The Global Trade Research Initiative (GTRI) recently proposed a significant shift in how goods from Special Economic Zones (SEZs) enter the Indian market. Specifically, the think tank suggested on Tuesday that the government should allow the sale of SEZ-manufactured products in the domestic market on the payment of duty foregone on inputs. Currently, units within these zones must pay duties based on the finished output when selling to the Domestic Tariff Area (DTA). Consequently, this new proposal aims to promote higher value addition and create parity with other existing manufacturing schemes.+1
Creating Parity Between SEZs and the MOOWR Scheme
The GTRI highlighted that the government already grants similar concessions to firms under the ‘Manufacturing and Other Operations in Warehouse Regulations’ (MOOWR) scheme. Under MOOWR, companies can make DTA sales by paying duties only on the inputs used. Ajay Srivastava, Co-Founder of GTRI, noted that extending this to SEZs would ensure fairness. Because tariffs on finished products often exceed those on raw materials, this change would incentivise units to process goods further within the zone. Therefore, such a move could significantly enhance technological advancement and skill development across the manufacturing sector.

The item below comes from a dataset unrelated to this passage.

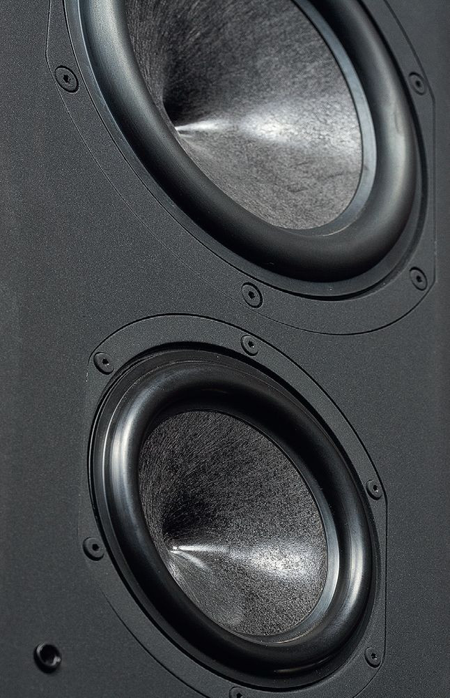 Jednocześnie konfiguracja głośników pozostaje w zgodzie z architekturą całej konstrukcji - wraz z odsunięciem głośnika niskotonowego od subniskotonowego "odwrócono" całą sekcję nisko-średnio-wysokotonową, a mimo to głośnik wysokotonowy znalazł się na optymalnej wysokości ok. 90 cm.

Protecting the Export-Oriented Mandate of SEZs
While promoting domestic sales is vital, the GTRI cautioned against allowing duty-free access to the DTA. Currently, SEZs operate as foreign territories for trade purposes, allowing duty-free imports of components with the condition that finished goods are exported. If these units sold products domestically without any import duties, it would distort their primary export focus. Furthermore, it could turn these zones into “back doors” for duty-free imports. Consequently, maintaining a clear duty framework is essential to preserve the government’s revenue and the integrity of export-focused zones.
Preventing Unfair Competition for Domestic Industry
Unrestricted access for SEZ goods could adversely affect the existing domestic industry. Because SEZ units enjoy various exemptions, selling their goods at lower prices in the DTA could lead to unfair competition. Srivastava warned that this influx might cause potential job losses in traditional manufacturing sectors. Therefore, the proposal to pay duty on an input basis provides a balanced middle ground. It encourages SEZ domestic sales through value addition while ensuring that domestic manufacturers remain protected from price distortions. Overall, this strategic adjustment could strengthen India’s position as a global manufacturing hub.